Of course the space doesn't really disappear (actually, in some cases lost clusters can make space really unusable on a disk unless you use a scanning utility to recover it). The space is simply wasted as a result of the cluster system that FAT uses. A cluster is the minimum amount of space that can be assigned to any file. No file can use part of a cluster under the FAT file system.
This means, essentially, that the amount of space a file uses on the disk is "rounded up" to an integer multiple of the cluster size. If you create a file containing exactly one byte, it will still use an entire cluster's worth of space. Then, you can expand that file in size until it reaches the maximum size of a cluster, and it will take up no additional space. As soon as you make the file larger than what a single cluster can hold, a second cluster will be allocated, and the file's disk usage will double, even though the file only increased in size by one byte. Think of this in terms of collecting rain water in quart-sized glass bottles. Even if you collect just one ounce of water, you have to use a whole bottle. Once the bottle is in use, however, you can fill it with 31 more ounces, until it is full. Then you'll need another whole bottle to hold the 33rd ounce.
Since files are always allocated whole clusters, this means that on average, the larger the cluster size of the volume, the more space that will be wasted. (It's more efficient to use smaller, cup-sized bottles instead of quart-sized ones, if minimizing the amount of storage space is a concern). If we take a disk that has a truly random distribution of file sizes, then on average each file wastes half a cluster. (They use any number of whole clusters and then a random amount of the last cluster, so on average half a cluster is wasted). This means that if you double the cluster size of the disk, you double the amount of storage that is wasted. Storage space that is wasted in this manner, due to space left at the end of the last cluster allocated to the file, is commonly called slack.
The situation is in reality usually worse than this theoretical average. The files on most hard disks don't follow a random size pattern, in fact most files tend to be small in size. (Take a look in your web browser's cache directory sometime.) A hard disk that uses more small files will in fact result in far more space being wasted. There are utilities that you can use to analyze the amount of wasted space on your disk volumes, such as the fantastic Partition Magic. It is not uncommon for very large disks that are in single FAT partitions to waste up to 40% of their space due to slack, although 25-30% is more common.

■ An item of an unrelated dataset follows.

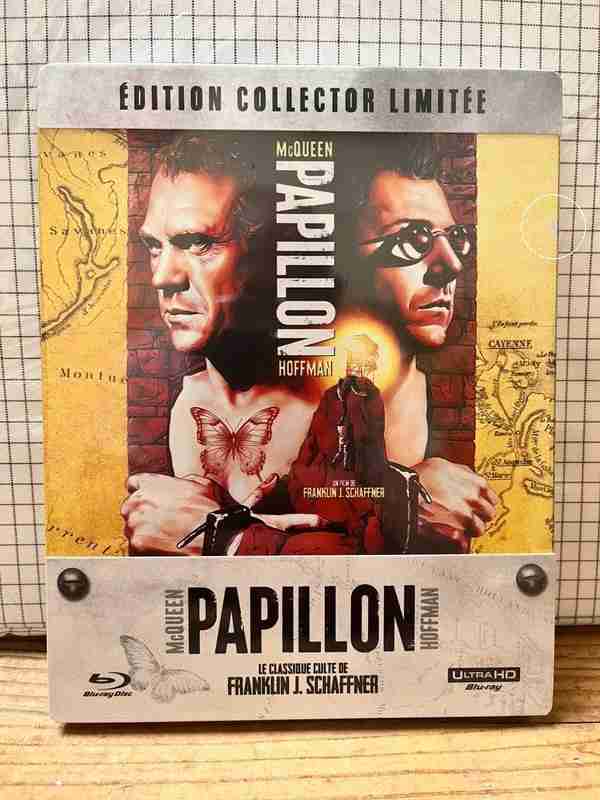 — 22 mars 2026 — Le film avec Steve McQueen et Dustin Hoffman « Papillon » (1973) aura droit à un steelcase 4K en France. Edition limitée à 200 exemplaires ! Il est donc probable que le steelcase soit exclusif à la boutique éditeur (lien plus bas).

Let's take an example to illustrate the situation. Let's consider a hard disk volume that is using 32 KB clusters. There are 17,000 files in the partition. If we assume that each file has half a cluster of slack, then this means that we are wasting 16 KB of space per file. Multiply that by 17,000 files, and we get a total of 265 MB of slack space. If we assume that most of the files are smaller, and so therefore on average each file has slack space of around two-thirds of a cluster instead of one-half, this jumps to 354 MB!

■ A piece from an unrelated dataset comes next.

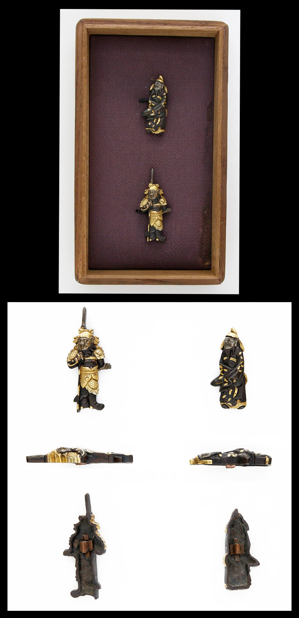 Ordering number : F13803 Menuki : Mei (signature) : mumei(Unsigned) Length 1 : 4.84cm x 2.11cm ( 1.9inches x 0.83inches) Length 2 : 4.86cm x 2.22cm ( 1.91inches x 0.87inches) Jidai(era) :Edo Period Special feature: On shibuichi plate, men playing ...

If we were able to use a smaller cluster size for this disk, the amount of space wasted would reduce dramatically. The table below shows a comparison of the slack for various cluster sizes for this example. The more files on the disk, the worse the slack gets. To consider the percentage of disk space wasted in this example, divide the slack figure by the size of the disk. So if this were a (full) 1.2 GB disk using 32 KB clusters, a full 30% of that space is slack. If the disk is 2.1 GB in size, the slack percentage is 17%:
Cluster Size |
Sample Slack Space, 50% Cluster Slack Per File |
Sample Slack Space, 67% Cluster Slack Per File |
2 KB |
17 MB |
22 MB |
4 KB |
33 MB |
44 MB |
8 KB |
66 MB |
89 MB |
16 KB |
133 MB |
177 MB |
32 KB |
265 MB |
354 MB |
As you can see, the larger the cluster size used, the more of the disk's space is wasted due to slack. Therefore, it is better to use smaller cluster sizes whenever possible. This is, unfortunately, often easier said than done. The number of clusters we can use is limited by the nature of the FAT file system, and there are also performance tradeoffs in using smaller cluster sizes. Therefore, it isn't always possible to use the absolute smallest cluster size in order to maximize free space.
Also realize that there will always be some space wasted regardless of the cluster size chosen. Most people consider the amount of slack obtained when using 4 KB or 8 KB partitions to be acceptable; most consider the slack of 32 KB cluster size partitions excessive; and the 16 KB partitions seem to go both ways. I personally only avoid the 32 KB partitions like the plague, but I (more than many others) also dislike having my disk broken into many pieces. See this discussion of the tradeoffs between slack space waste and "end of volume" space waste as well for more perspective on choosing cluster sizes.
Tip: Do remember not to go
overboard in your efforts to avoid slack. To keep it all in perspective, let's take the
worst case above, where 354 MB of space is wasted. With the cost per megabyte of disk now
below 10 cents, this means that the "cost" of this problem is well below $50.
That doesn't mean that wasting hundreds of megabytes of storage is smart; obviously I
don't think that or I wouldn't have written so much about slack and partitioning.
But
on the other hand, spending 20 hours and $100 on utility software may not be too smart
either. Moderation is often the key to using partitioning to reduce slack, so don't be
taken in by some of the "partitioning fanatics" who seem to have lost sight of
the fact that disk space is really very cheap today.